The backroom government conversations complementing the unintelligible, yet loud and clear crypto-enthusiast statements, the community seems to be expecting institutionally backed crypto bull-run in 2019. Where do you think the market is now?
The cryptocurrency market is currently passing through a consolidation phase. Many small participants will not be able to survive the recession, and crypto assets are currently in the hands of weak players. But this is a natural process of ridding the market of unrelated individuals who are not determined to stay in it seriously and for a long time. In general, the market has lost more than 70% from its previous peak indicators. At first glance, this may be a scary phenomenon, but if you look at history, you will see that the market had four similar corrections. Bitcoin lost even more than 90% of its value as the main cryptocurrency! Growth will follow this corrective phase, it is only a matter of time. At the same time, a new round of growth will bring new participants to the market and they will need new tools for analyzing crypto assets, which will allow them to make the right investment decisions based on fundamental data. The STIPS | Oculus trading and analytical platform can act in the capacity of such an instrument, since it will allow one to separate the wheat from the chaff on the crypto market.
The market needs an impulse for growth and one of these impulses could be the arrival of new monetary liquidity, new participants who are still eyeing the market, but cannot take the first step due to the lack of clarity on the part of the regulators. I am not only talking about the approval of Bitcoin-ETFs, but also the development of clear rules for cryptocurrency companies.
How are you expecting the market to change in the next year?

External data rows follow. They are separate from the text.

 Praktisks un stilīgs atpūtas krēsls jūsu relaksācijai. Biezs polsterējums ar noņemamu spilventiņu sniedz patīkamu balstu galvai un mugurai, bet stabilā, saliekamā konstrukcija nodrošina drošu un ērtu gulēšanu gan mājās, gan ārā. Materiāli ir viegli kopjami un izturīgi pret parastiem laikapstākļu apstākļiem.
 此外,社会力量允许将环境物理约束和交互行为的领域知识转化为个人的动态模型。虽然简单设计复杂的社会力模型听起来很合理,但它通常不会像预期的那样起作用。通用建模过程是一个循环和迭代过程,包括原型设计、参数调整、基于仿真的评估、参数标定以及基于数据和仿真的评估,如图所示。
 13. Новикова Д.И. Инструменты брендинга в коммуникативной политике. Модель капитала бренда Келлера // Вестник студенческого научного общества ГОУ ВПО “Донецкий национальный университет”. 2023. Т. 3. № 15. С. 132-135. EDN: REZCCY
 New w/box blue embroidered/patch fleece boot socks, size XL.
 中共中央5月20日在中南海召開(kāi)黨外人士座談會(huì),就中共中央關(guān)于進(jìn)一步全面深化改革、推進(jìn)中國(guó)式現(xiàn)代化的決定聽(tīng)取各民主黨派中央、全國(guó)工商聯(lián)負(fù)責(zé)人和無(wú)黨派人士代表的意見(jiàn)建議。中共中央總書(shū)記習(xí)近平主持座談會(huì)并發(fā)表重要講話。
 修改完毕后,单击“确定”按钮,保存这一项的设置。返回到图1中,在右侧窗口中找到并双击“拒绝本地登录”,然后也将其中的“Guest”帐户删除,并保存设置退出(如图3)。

We expect that next year the market will pleasantly surprise us with new milestones in its development, prominent projects and new names, and that it will become more civilized and safer. Whatever the cryptoanarchists and supporters of the decentralized market may say, investor protection is what market participants should be looking at. We expect the development of legislation and protective mechanisms for investors, a significant increase in requirements for projects, including their reporting and the quality of personnel training.
- While market is still maturing, the need for better, faster and safer assert management solutions accretes at an accelerated pace, the institutional wave demands full compliance with what they are accustomed to on Wall Street. How shall crypto change for this merging to be seamless?

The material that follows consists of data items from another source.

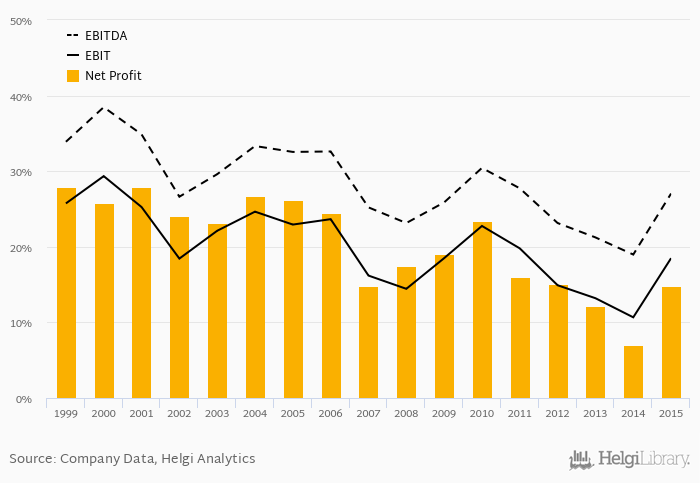 On the operating level, the EBITDA margin reached 27.0% and EBIT amounted to 18.5% of sales in 2015.
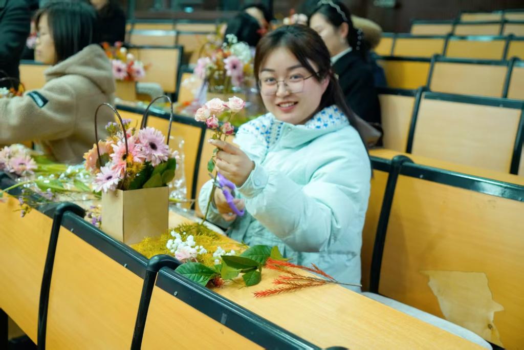 本次活动特邀专业花艺师为教职工们讲解花朵种类、插花技巧、色彩搭配等知识。活动伊始,花艺师向全体女性同胞致以节日的问候和美好的祝福,并希望大家在活动中放松身心,感受插花艺术的魅力,度过一个愉快而有意义的节日。而后在花艺师的指导下,大家兴致勃勃地开始创作自己的插花作品,充分发挥想象力和创造力,精心挑选花材,认真修剪枝叶,用心搭配色彩,现场气氛轻松愉快,欢声笑语不断。
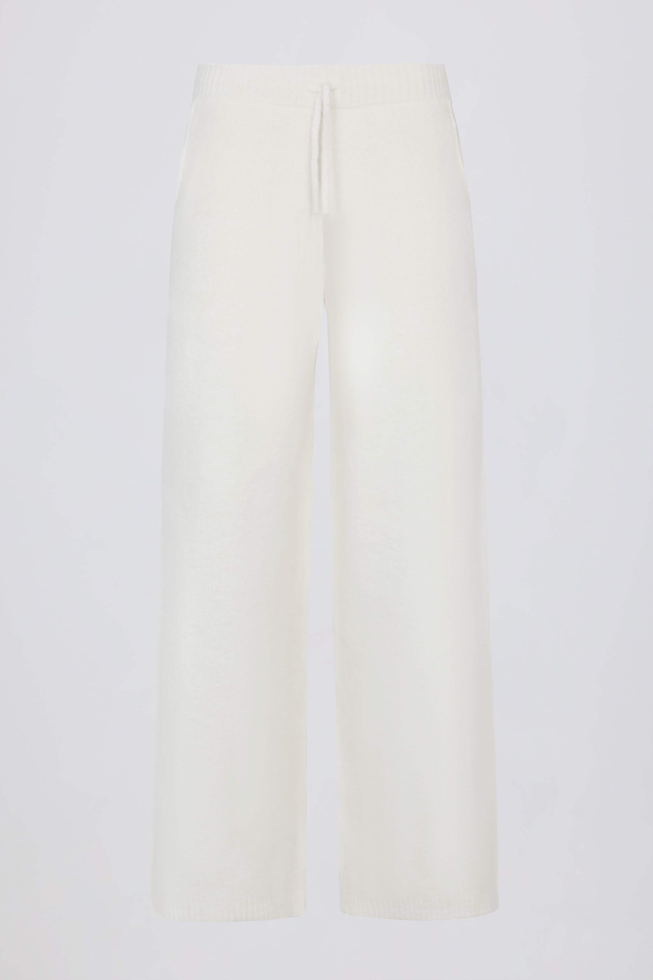 Knit Mid-Rise Wide-Leg Joggers in Ivory

Cryptocurrencies have already been recognized as a new class of assets that are starting to provide their customers with funds, investment banks, exchanges and management companies. Their adaptation will take place in conjunction with investor interest, and will certainly have a positive impact on the entire industry. Today, the CBOE and CME platforms, which are the largest of their kind on the market, already provide the ability to trade Bitcoin futures. This means that professional industry participants can hedge their positions on BTC. A lingering problem is the lack of liquidity on the part of cryptocurrency exchanges and the difficulty in acquiring these types of assets in most countries. The recent announcement by the operator of the NYSE Intercontinental Exchange about the launch of its own cryptocurrency platform, which will include exchanges, custodial services, applications for trade organizations and individual users, means that soon digital money will become an integral element of Wall Street along with shares, bonds and fiat currencies.
With exchange, trading, assert management and crypto analysis solutions multiplying infinitely in their eager to win the market, what shall the ideal mix of instruments represent to become the ultimate player?

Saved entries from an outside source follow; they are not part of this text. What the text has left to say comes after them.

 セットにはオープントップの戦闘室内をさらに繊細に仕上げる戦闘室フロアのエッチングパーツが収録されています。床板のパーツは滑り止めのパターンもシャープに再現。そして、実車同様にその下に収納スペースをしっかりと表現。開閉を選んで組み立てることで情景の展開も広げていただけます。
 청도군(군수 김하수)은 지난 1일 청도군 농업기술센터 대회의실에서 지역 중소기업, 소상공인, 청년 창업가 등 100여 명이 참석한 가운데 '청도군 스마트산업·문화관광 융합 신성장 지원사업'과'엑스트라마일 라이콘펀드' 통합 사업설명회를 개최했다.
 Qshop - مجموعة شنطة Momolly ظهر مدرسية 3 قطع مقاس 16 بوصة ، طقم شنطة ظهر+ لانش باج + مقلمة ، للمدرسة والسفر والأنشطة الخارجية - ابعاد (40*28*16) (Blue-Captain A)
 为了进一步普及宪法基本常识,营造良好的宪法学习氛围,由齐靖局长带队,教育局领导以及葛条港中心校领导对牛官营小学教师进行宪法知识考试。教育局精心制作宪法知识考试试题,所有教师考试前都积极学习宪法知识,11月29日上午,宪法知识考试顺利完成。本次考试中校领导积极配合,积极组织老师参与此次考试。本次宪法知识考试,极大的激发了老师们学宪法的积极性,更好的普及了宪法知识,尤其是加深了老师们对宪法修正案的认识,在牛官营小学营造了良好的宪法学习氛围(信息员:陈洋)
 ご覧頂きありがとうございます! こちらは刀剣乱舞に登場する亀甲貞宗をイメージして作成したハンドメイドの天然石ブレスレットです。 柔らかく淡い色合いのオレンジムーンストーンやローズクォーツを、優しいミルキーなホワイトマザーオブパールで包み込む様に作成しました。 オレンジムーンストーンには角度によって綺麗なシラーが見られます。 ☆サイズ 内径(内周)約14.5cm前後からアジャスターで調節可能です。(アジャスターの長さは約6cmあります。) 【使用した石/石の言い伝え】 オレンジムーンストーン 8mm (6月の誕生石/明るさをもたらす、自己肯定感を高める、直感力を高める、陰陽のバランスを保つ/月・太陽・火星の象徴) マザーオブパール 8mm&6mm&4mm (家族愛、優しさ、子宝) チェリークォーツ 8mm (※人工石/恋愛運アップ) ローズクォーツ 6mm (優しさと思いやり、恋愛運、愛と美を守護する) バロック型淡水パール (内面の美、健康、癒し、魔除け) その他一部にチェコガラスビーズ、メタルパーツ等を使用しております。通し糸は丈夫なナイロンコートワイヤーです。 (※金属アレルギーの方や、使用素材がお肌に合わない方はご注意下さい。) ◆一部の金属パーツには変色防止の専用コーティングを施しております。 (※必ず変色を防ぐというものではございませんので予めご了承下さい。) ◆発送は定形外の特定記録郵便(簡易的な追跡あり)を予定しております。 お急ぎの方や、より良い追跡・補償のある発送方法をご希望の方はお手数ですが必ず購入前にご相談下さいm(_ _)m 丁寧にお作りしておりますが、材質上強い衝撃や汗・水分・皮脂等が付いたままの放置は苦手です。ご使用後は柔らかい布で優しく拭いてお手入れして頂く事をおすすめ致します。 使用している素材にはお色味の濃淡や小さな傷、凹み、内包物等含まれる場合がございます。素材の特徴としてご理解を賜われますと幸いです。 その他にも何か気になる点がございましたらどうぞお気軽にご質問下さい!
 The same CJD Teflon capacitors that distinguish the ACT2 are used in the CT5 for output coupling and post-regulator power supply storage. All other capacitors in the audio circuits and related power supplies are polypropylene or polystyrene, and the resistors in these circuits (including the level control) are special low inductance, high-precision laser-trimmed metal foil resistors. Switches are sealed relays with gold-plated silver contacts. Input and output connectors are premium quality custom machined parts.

You just mentioned my favorite topic! Today there are no transparent and reliable instruments on the market for the analysis of fundamental data on crypto assets. More than 2,000 cryptocurrencies have appeared over the period of this year. Which one of these should an investor choose? What can be done to earn money and not lose it? Which team can you trust? All these questions will be answered by our STIPS| FinTech team, which is working on creating a unique ecosystem that covers all market participants, all categories of investors, and is designed to solve a fundamental problem – simplifying information and making it accessible, and ensuring that investments become reliable and smart.